There are certainly more interesting companies out there than Molins, which makes machinery for the tobacco industry. But this is certainly not a business that is about to go up in smoke. In fact, Molins might just be about to light up. The US Government is tightening regulations for tobacco smoke – and Molins just so happens to produce the instruments that do the testing, too.  

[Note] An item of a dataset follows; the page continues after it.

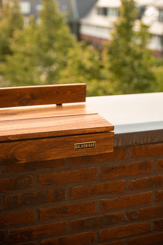 Mit der Balkonbar kannst du deinen Balkon in ein Homeoffice verwandeln, einen Ort zum Relaxen kreieren oder den perfekten Ort entstehen lassen, um dein Glas zu erheben. Die Balkonbar ist ein praktisches Paket bestehend aus 4 hölzernen Barren, einem Halterungsset und Befestigungsmaterial. Wir haben unterschiedliche Halterungen für so gut wie jeden Balkon entwickelt.

With a two-thirds market share, Molins is well positioned to harvest this upside. The investment case is topped off by strong tangible asset backing and an undemanding valuation. The recent strength of sterling is taking its toll, but this may provide an attractive entry point for new investors.

Reassuringly old…

Molins (MLIN) is reassuringly old. With its beginnings as a cigar and cigarette maker in Havana in the late 19th century, it moved to London at the turn of the century to make packaging for various products such as tea and tobacco – in the process being credited for inventing the hinge-lid cigarette package that was so instrumental in the success of the Marlboro brand. These days, the group continues to be involved in supplying machinery, related support services and systems, principally to the consumer goods sectors, including tobacco, food and other high volume products. Its exposure to areas of the economy which have very low price elasticity of demand makes it a rather defensive play – some would say boring, but therein lies the opportunity.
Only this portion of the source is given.